A total of 130 countries have mutually agreed on a global agreement of tax reform, ensuring that multinationals have to pay their fair share wherever they are operating. Some E.U. states refused to sign up. Once the deal is implemented, many global companies, including tech giants such as Google, Amazon, Facebook, and Apple, would be taxed at a fair rate of at least 15 percent, the Organization for Economic Co-operation and Development (OECD) said in a statement. The new tax regime will be beneficial to the services and goods, and it will also help to grow financial services and business very rapidly. This will add around USD 150 billion to government coffers globally once it becomes operative. According to the OECD, it hoped that it would be implemented by 2023. The new framework updates many key elements of the century-old international tax system which is considered no longer fit for the modern digital economy.
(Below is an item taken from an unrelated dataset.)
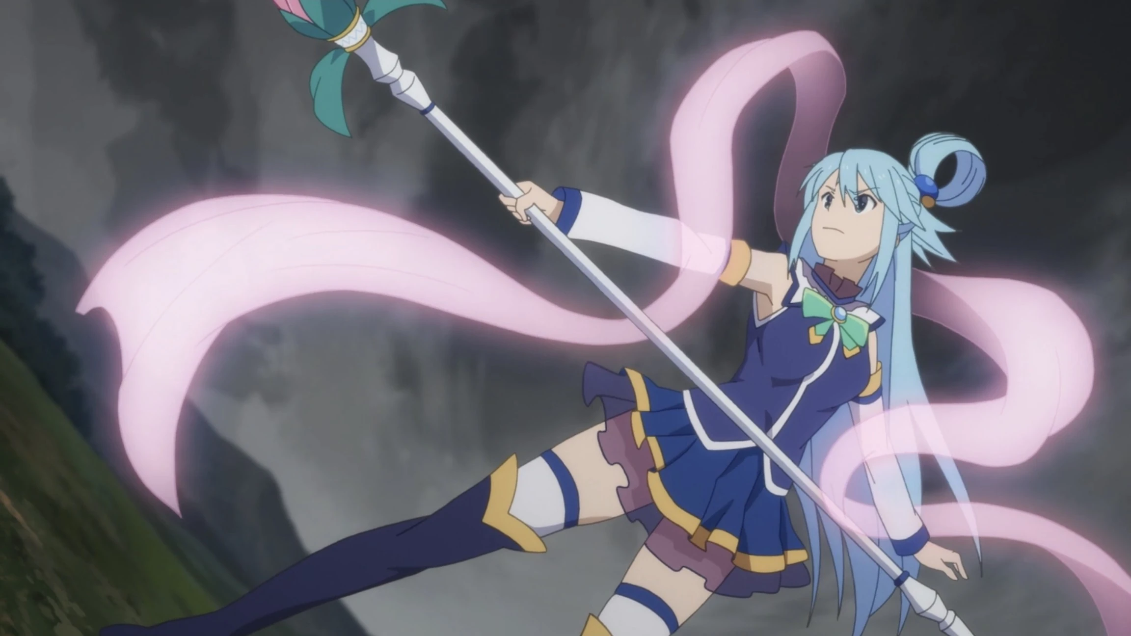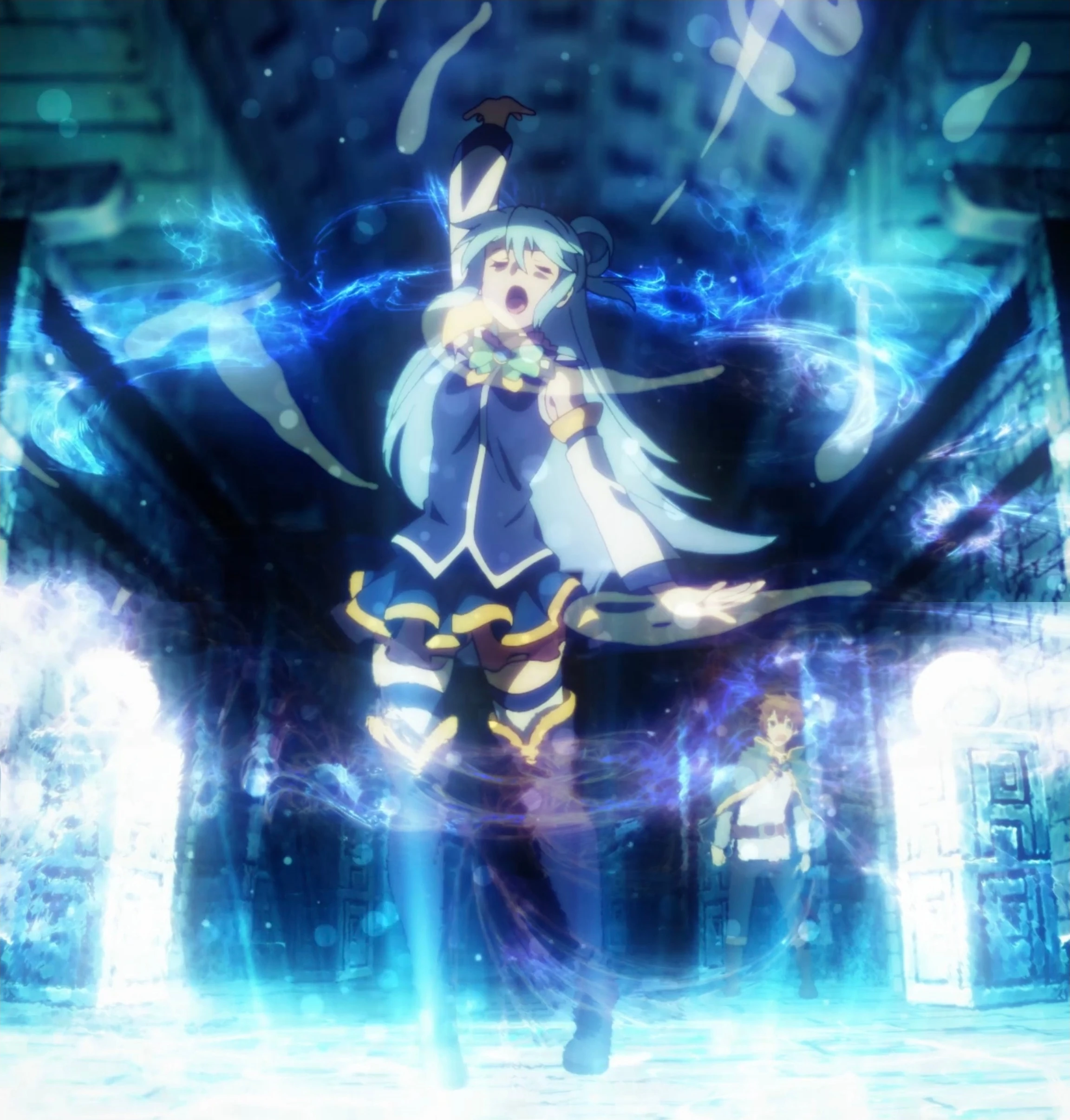Holy Magic: Upon descending into the mortal plane, Aqua took up the Arch Priest-class, learning all her class skills, allowing her to use all types of healing and recovery spells, support buffs, and evil-dispeling magic.

The formal deal follows the approval of the G-7 group of wealthy nations last month, and negotiations will now move to a meeting of the G-20 group of developed and emerging countries on July 9-10 in Venice, Italy. The U.S. president Joe Biden said that the latest deal takes the U.S. amazingly at a striking distance from a comprehensive global deal to stop the race to the bottom in corporate taxes. Germany, who is another promoter of the tax reform, praised it as a “colossal step towards tax justice,” while France called it the most important tax deal in the century. U.K. finance minister Rishi Sunak, whose country holds the G7 presidency, said, “The fact that 130 countries from around the world, including all of the G20, are now on board is another step in our reform mission global taxes in everyone’s interest. But the low-taxed EU countries Ireland and Hungary refused to sign the agreement reached under the OECD, the organization said, pointing to persistent divisions in global taxation. Both countries are part of a group of EU countries, including Luxembourg and Poland, which have relied on low tax rates to attract multinational companies and build their economies. Ireland, the E.U. home of tech giants Facebook, Google, and Apple, has a corporate tax rate of only 12.5 percent. Irish Treasury Secretary Paschal Donohoe warned that Ireland could lose 20 percent of its corporate income as a result of the new rules.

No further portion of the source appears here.